Арсений Северов стоял на пороге спальни, и его мрачный взгляд не обещал Зверёнышу ничего хорошего.
– У меня была безумная ночь, перешедшая в сумасшедшее утро, и я предупреждаю…
– Да все уже давно всё поняли, – Зверь зевнул и перебрался на свою кровать. – Страсти какие!
Арсений упал на ближайшую к нему тумбочку, и та жалобно скрипнула под его весом, окинул уставшим взором спальню и пробормотал:
– Платформа через тридцать минут. Корпус переводят на чрезвычайное положение. Боюсь, это были наши последние каникулы.
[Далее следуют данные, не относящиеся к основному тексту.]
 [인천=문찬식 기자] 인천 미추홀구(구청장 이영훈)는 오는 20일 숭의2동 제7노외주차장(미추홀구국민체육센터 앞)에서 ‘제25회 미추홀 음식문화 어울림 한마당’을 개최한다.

Кто-то несдержанно вскрикнул, Берёза зажала рот рукой, а я тяжело вздохнула.
– Официально это ещё не объявили, – негромко проговорил Север, – но Колеса Фортуны с завтрашнего дня не будет. И вообще, – вздохнул, – если не случится чуда, жить нам осталось не очень долго.
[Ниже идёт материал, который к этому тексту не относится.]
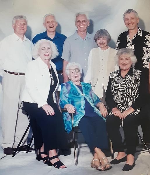 Beatrice Fox with her grown children, c. 1990. Standing, L-R: Mike, Tim (Matt), Tom, Terry, Nat. Sitting, L-R: Tricia, Beatrice, Roberta. From Matthew Fox's personal collection. | Friendship meant a lot to my mother. She belonged to a book club, sewing club, bridge club, etc. and had friends of many diverse interests and backgrounds. It was she who proposed that we rent out a room in our home for a foreign

Народ зашелестел возмущённо и испуганно.
– Да что случилось? – Ферзь опёрся двумя руками о спинку своей кровати. – С чего столько шуму? Неужели кто-то решился обокрасть Цезаря?
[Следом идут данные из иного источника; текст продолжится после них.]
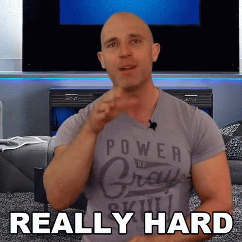 Simon Miller emphatically says 'REALLY HARD' while wearing a 'Power of Gray Skull' t-shirt.
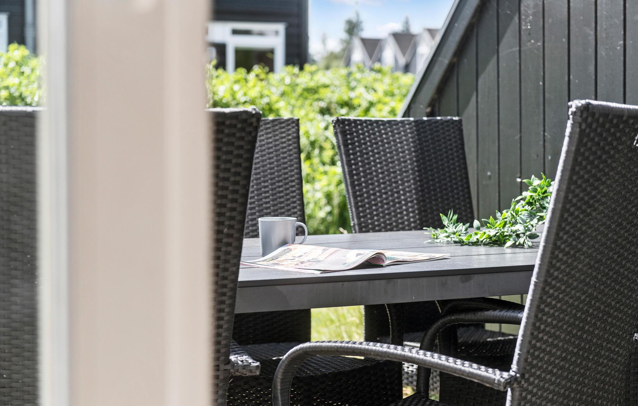 Moderne feriehus i Lønne Strand med stor terrasse og adgang til tropisk badeparadis.

– Язык не распускай, – беззлобно бросил Север и выбил на наладоннике команду, очевидно, ту самую, которая позволяла «говорить без метафор». – По официальным данным, сегодня ночью пропала цесаревна.
– Да неужели! Быть этого не может! – проворчал Зверь, не сводя с меня задумчивого взгляда.
– А по неофициальным, – Арсений повысил голос, и мальчишка изобразил пантомиму, которая называлась «Мой рот на замке, ключ спрятан в кармане». – По неофициальным, цесаревна была похищена, как бы странно это ни звучало, дикой агентурой.
Кто-то охнул.
– И когда я говорю «дикая агентура», я цитирую одного несдержанного на язык начальника Службы безопасности.
– Мамочки… – раздалось откуда-то справа от меня. – Что ж теперь будет?
Северов потёр лицо руками и устало поднялся с тумбочки.
– А будет вот что. Сейчас вы все быстренько соберёте свои манатки, и пока их злодейство не передумало нас отпускать, ближайшей же платформой отправитесь в Корпус, – и пока я думала над тем, кого Север туманно обозвал злодейством, моего братца или его лучшего друга, парень продолжил: – Сёма за главного. Отчитаешься Светофору по синему коду.